Um exemplo real da importância desses dois itens na diminuição da resistência a antimicrobianos aconteceu no Zimbábue entre 2017 e 2019. O país africano sofreu com diversos surtos de febre tifoide e cólera, doenças causadas pelas bactérias Salmonella typhi e Vibrio cholerae. Eles identificaram que a primeira bactéria era resistente ao antibiótico comumente usado para o tratamento da doença, sendo necessária a mudança para outra droga mais cara. Da mesma forma, o bacilo da cólera tinha 14 genes de resistência e por isso tinha opções bastante reduzidas de tratamento.
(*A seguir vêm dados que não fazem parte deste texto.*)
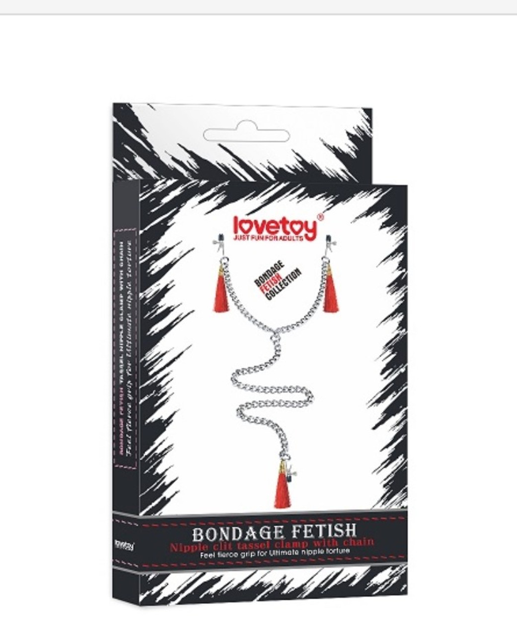 Nipple and clitoris clamps with metal chain.

Consequentemente, além de intensificar ações voltadas ao saneamento básico e higiene das mãos, o país iniciou uma campanha de vacinação contra as duas doenças, voltada principalmente às crianças. Diante da resposta positiva à vacinação, a vacina contra febre tifoide passou a fazer parte do calendário nacional de imunização.
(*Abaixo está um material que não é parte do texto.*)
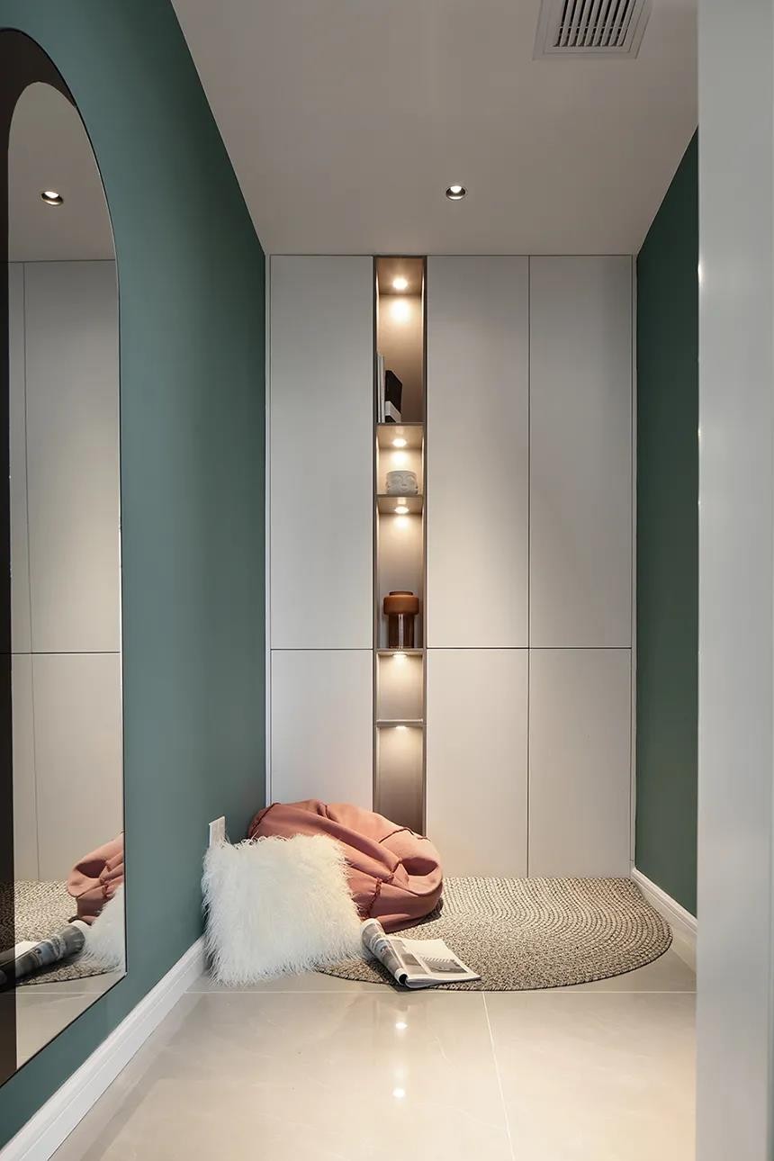 两侧蓝绿色的墙面,中间定制的衣柜加入开放展示架,可以摆上装饰品或书籍,结合舒适优雅的布艺懒人沙发与地毯,让空间显得温馨浪漫而***。

Alguns esforços são direcionados a determinados patógenos. Já comentamos sobre o problema da N. gonorrhoeae resistente, bactéria responsável por mais de 80 milhões de casos ao ano de infecção sexualmente transmissível (IST). Considerado o problema de saúde pública global, justamente pelo aumento nas taxas de resistência, em dezembro de 2021 o CDC ampliou o financiamento para a vigilância dessa bactéria para mais 30 centros.
Outras doenças estão no radar da OMS. A Tuberculose, causada pelo Mycobacterium tuberculosis, foi a segunda doença infecciosa que mais matou em 2020, atrás apenas da Covid-19.
Neste mesmo ano, apenas um terço das pessoas com tuberculose resistente aos medicamentos de primeira linha tiveram acesso ao tratamento. Uma das grandes dificuldades é o fato de parte do tratamento nos casos de resistência necessitar de antibióticos injetáveis.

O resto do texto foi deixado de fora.